In addition to general-purpose 3D molecular viewers, quite a few tools are dedicated to RNA structures. Jalview (5) is a program for editing, visualizing, and analyzing multiple sequence alignments. VARNA (6) allows for interactive drawing and editing of RNA secondary structures. Assemble (7) combines RNA secondary structure design with 3D modeling. Moreover, RNApdbee (8) extracts RNA secondary structure from 3D coordinates, and presents it in planar diagrams. None of these tools, however, has the capability of selecting common RNA structural features and highlighting them in a 3D context interactively. The work presented here fills a gap in RNA structural bioinformatics, serving a huge user base both in research and education.

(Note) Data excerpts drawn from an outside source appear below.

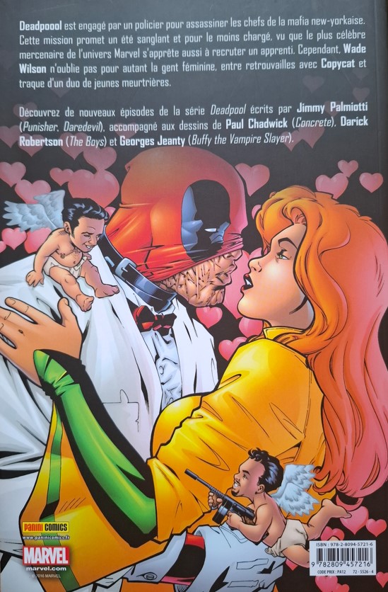 Deadpoool est engagé par un policier pour assassiner les chefs de la mafia new-yorkaise. Cette mission promet un été sanglant et pour le moins chargé, vu que le plus célèbre mercenaire de l’univers Marvel s’apprête aussi à recruter un apprenti. Cependant, Wade Wilson n’oublie pas pour autant la gent féminine, entre retrouvailles avec Copycat et traque d’un duo de jeunes meurtrières.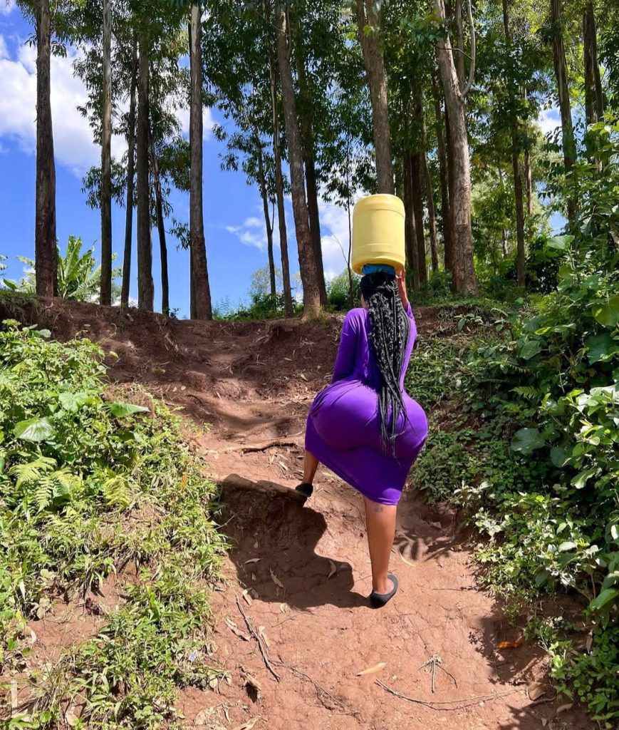 Vera Sidika has shared new photos of herself in the village. The Kenyan socialite said she visited her 97-year-old grandma. She proceeded to show herself cooking and going to fetch water with a keg on her head. See photos below.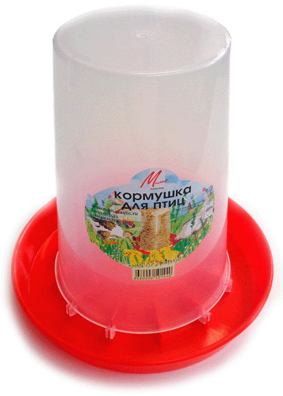 Кормушка для птиц и цыплят бункерная (объем бака 3 литров); Принцип действия: как только уровень корма снижается в кормушке, свежий корм тут же поступает в кормушку из банки; Особенность: птица (куры, утки, гуси, перепела) получают корм свежим, исключено разбрасывание корма лапами, экономится время птицевода Вес: 250 грамм.

DSSR, Dissecting the Spatial Structure of RNA, is a stand-alone, command-line program written in ANSI C (9). The single-file DSSR binary executable is tiny (∼1MB) and self-contained (with zero dependencies), with an efficient and robust performance. DSSR is a component of the 3DNA suite of programs (10,11) for the analysis, rebuilding, and visualization of 3D nucleic acid structures. It has been designed to streamline the analysis and annotation of RNA tertiary structures using only an mmCIF or PDB file as input. DSSR has a comprehensive and unique set of functionalities for the analysis of RNA 3D structures (12,13). The program automatically identifies and annotates base pairs (14,15), detects higher-order coplanar base associations (triplet, quadruplet, etc.), finds coaxially stacked helices, characterizes loops of various types (hairpin, bulge, internal, and junction), and categorizes pseudoknots of arbitrary complexity, among numerous other functionalities (9). Moreover, DSSR-derived RNA secondary structures are available in three commonly used file formats: ViennaRNA package dot-bracket notation (.dbn) (16), Mfold connect table (.ct) (17), and CRW base-pair sequence (.bpseq) (18).
Jmol (2) is a widely used, open-source Java viewer for 3D structures, featuring a powerful and flexible scripting language. JSmol (3), its HTML5/JavaScript equivalent, has a predominant position in the post Java-applet era for web-based visualization of molecular structures. The DSSR-Jmol integration presented here makes salient features of DSSR readily accessible using either Jmol or JSmol, equivalently. In this paper, we use the term ‘Jmol’ to refer to the general features of both Jmol and JSmol, and ‘JSmol’ to refer to specific features of the web-based version of Jmol.
Figure 1 provides definitions of key nucleic acid structural components in DSSR that are currently accessible through Jmol. The DSSR web server accepts 3D coordinate files (in mmCIF or PDB format) initiated from a Jmol session. It returns DSSR-derived structural features in JSON (JavaScript Object Notation) for parsing and visualization via a dedicated structured query language (Jmol SQL for DSSR, see the Supplementary Data). This seamless combination of DSSR and Jmol brings the molecular graphics of 3D RNA structures to a similar level as that for proteins, and enables a much deeper analysis of structural characteristics.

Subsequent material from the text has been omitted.